Automated Bias Assessment in AI-Generated Educational Content Using CEAT Framework
Jingyang Peng, Wenyuan Shen, Jiarui Rao, Jionghao Lin
TL;DR
The paper tackles bias in AI-generated educational content by developing an automated bias auditing pipeline that combines Contextualized Embedding Association Test (CEAT) with prompt-engineered word extraction in a Retrieval-Augmented Generation (RAG) framework. It demonstrates that automated word extractions closely align with manually curated ground-truth sets, achieving a near-perfect Pearson correlation between automated and ground-truth CEAT scores ($r = 0.9930$) and strong semantic alignment (cosine similarities $0.7627$–$0.8895$). This approach reduces subjectivity and scales bias assessment for educational materials, supporting fairness and reproducibility in GenAI-driven tutoring content.
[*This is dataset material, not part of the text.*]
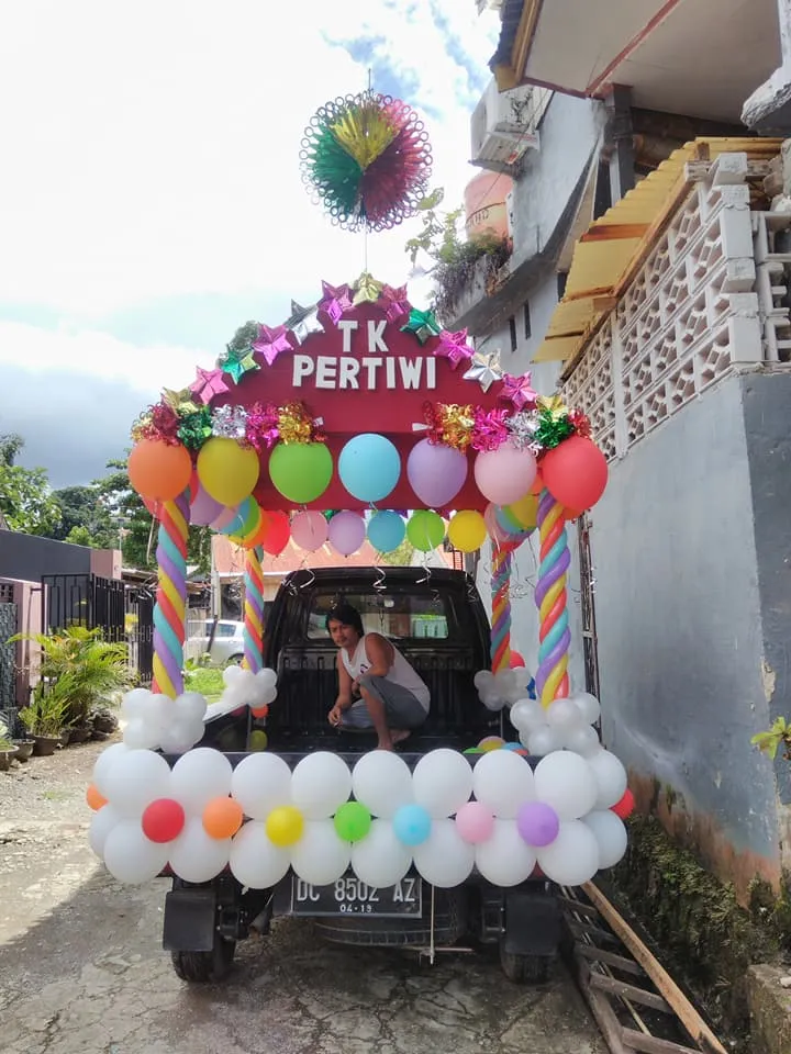 Indah dan menawan, tak berlebihan mimin menyampaikan seperti itu terhadap pada mobil hias karnaval taman kanak-kanak pada gambar diatas. Hiasan balon beram warna serta origami beragam bentuk semakin mempercantik tampilan mobil hiar karnaval TK diatas.
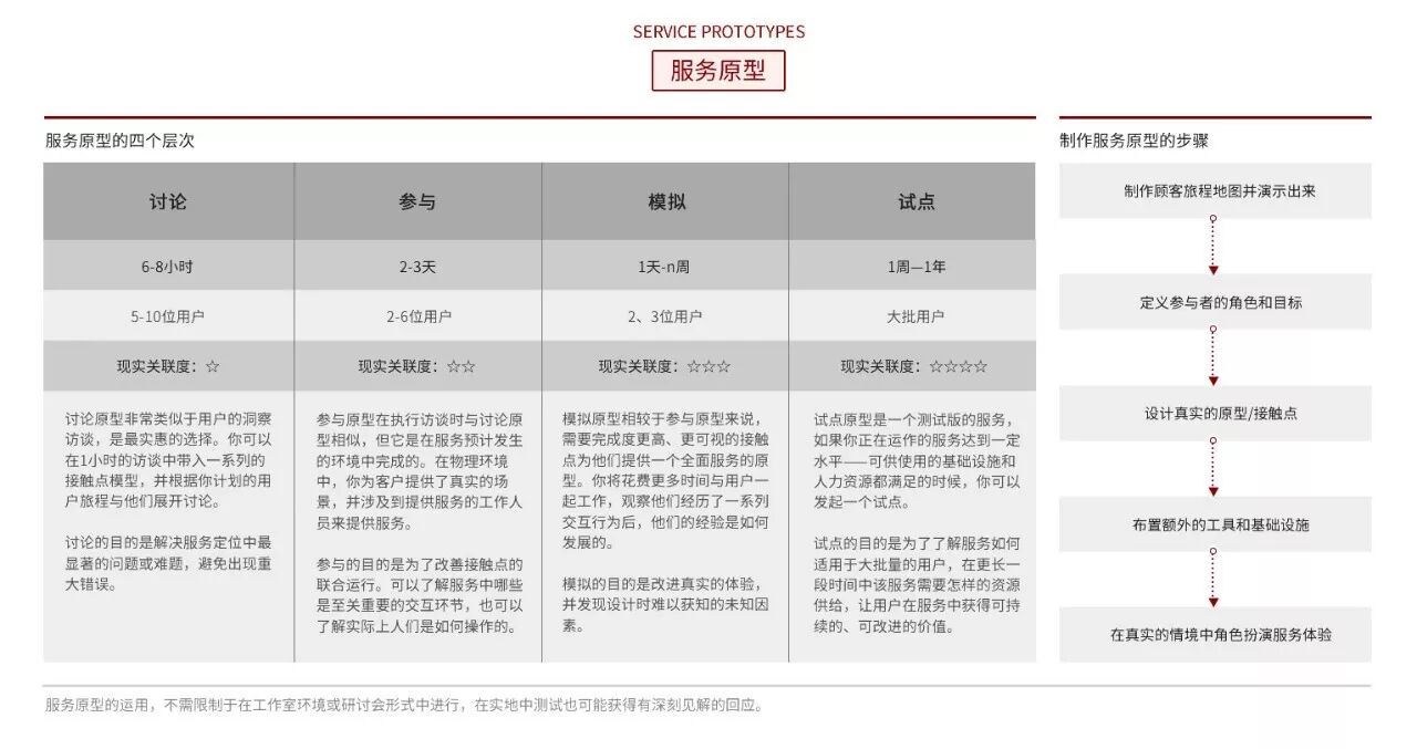 讨论原型 的成本最低,他与我们常做的用户访谈类似,一般是招募5-10个用户,在1个小时左右的访谈中带入一系列的接触点模型的方案,并根据你计划的用户旅程与他们展开讨论,以规避服务定位中可能出现的重大错误和显著难题。

The work discusses educational implications, acknowledges limitations such as dataset size and lack of mitigation, and points to future directions in bias mitigation and broader classroom validation. Overall, the method provides a scalable, objective tool for auditing demographic biases in AI-generated educational content with potential policy and practice impact.
Abstract
Recent advances in Generative Artificial Intelligence (GenAI) have transformed educational content creation, particularly in developing tutor training materials. However, biases embedded in AI-generated content--such as gender, racial, or national stereotypes--raise significant ethical and educational concerns. Despite the growing use of GenAI, systematic methods for detecting and evaluating such biases in educational materials remain limited. This study proposes an automated bias assessment approach that integrates the Contextualized Embedding Association Test with a prompt-engineered word extraction method within a Retrieval-Augmented Generation framework. We applied this method to AI-generated texts used in tutor training lessons. Results show a high alignment between the automated and manually curated word sets, with a Pearson correlation coefficient of r = 0.993, indicating reliable and consistent bias assessment. Our method reduces human subjectivity and enhances fairness, scalability, and reproducibility in auditing GenAI-produced educational content.